# Grape juice



## rrawhide (Sep 26, 2009)

We just returned from a visit to Grass Valley, Ca to see my winemaker friend Rob who started me making wine over 30 years ago. He has a wonderful winery and his website is: www.avanguardiawines.com

On the way back we were able to stop at Calfornia Concentrate Co. in Acampo, Ca and also Delicato Winery in Manteca, Ca.

Each of these places sells 'grape juice' to home winemakers for 10 days in September every year. So, I bought 20 gallons of a red blend from Delicato. This year the blend was 47% zin, 37% syrah and 16% rubi-red (for color) and it was $3.10 per gallon. Bring your containers and back up to the filling station and fill.

So, here we go:






I had 2 - 15 gallon primaries and I put 10 gallons in each.

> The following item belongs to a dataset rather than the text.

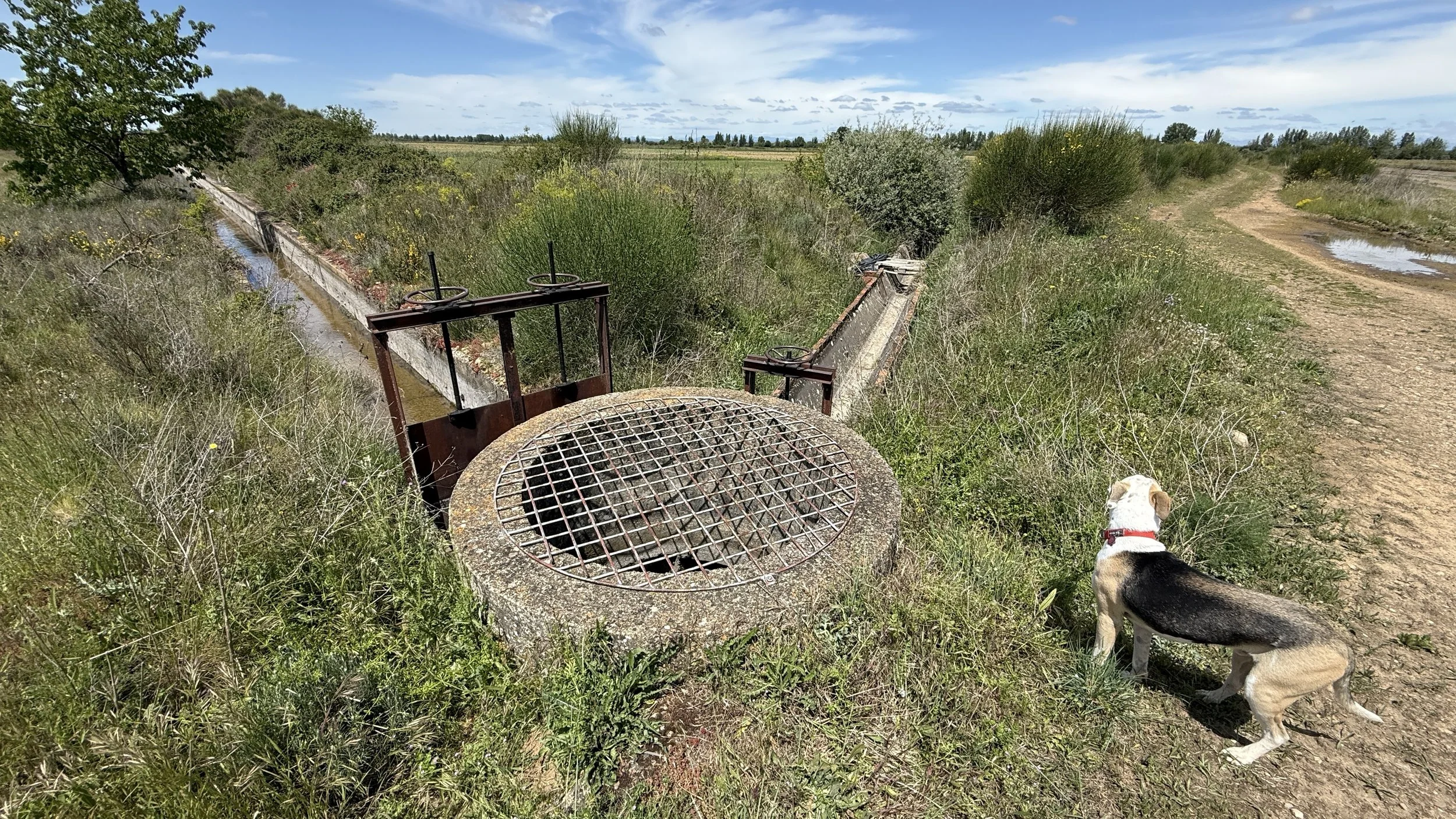 Back on the country roads, Google led us left again—into another field. This one was an overgrown path squeezed between the high-speed rail and a concrete irrigation channel. Endless crops stretched beyond. For 10 glorious km, Jax was off-leash, romping freely. It felt like Nebraska again.

At California Concentrate they sell varietals in 6 gallon pails so I bought 1 each of: Pinot Noir; Petite Syrah and Old Vine Zinfandal. These were 
about $34 each. (the other Old Vine is for a friend)





The Twisted product you see there was from Delicato - they are changing their packaging and label and were blowing these out at $20/case. The labels looked like halloween and did not work for them - 6 - 1.5L bottles or $3.33 per bottle. 






It does not show well but the colors are bright orange and black with a bright orange capsule - did not do it for them. Pretty good wine too!

Anyway, the 'juice' is all going and here they are: (I did pull out about 1/2 gallon of the zin and a quart of the petite syrah to give it more room to work). May add it back in later or momma may make some jelly out of it OR my neice said to make grape juice popsicles. Hummmmmmmm!! Now there is an idea - the juice with the brix approx 23 it sure is sweet!! Old Vine Zin popsicles - I can see/taste it now!!





and the blend






I am sharing this with you for ideas. Maybe you can contact your local wineries and see if they also sell 'juice'. They cannot sell you 'bulk wine' (since you are not bonded) but they can juice. Then do your magic. Maybe they also have other wine/products that they cannot/will not sell and will blow them out cheap. If they do - pretty cheap bottles and with wine!!!!

Hope you enjoyed.

rrawhide


----------



## Wade E (Sep 27, 2009)

HA, like you needed more wine! Boy are you addicted, just like us!


----------



## grapeman (Sep 27, 2009)

You are getting quite a collection of different wines going there now. It sure doesn't help being in the land of free flowing grape juices! I think at those prices they are taking advantage of the price depression. It's good to see them pass it on to others to share.


----------



## Tom (Sep 27, 2009)

Oh my !

What you gonna do with all that wine? Do yoou drink that much?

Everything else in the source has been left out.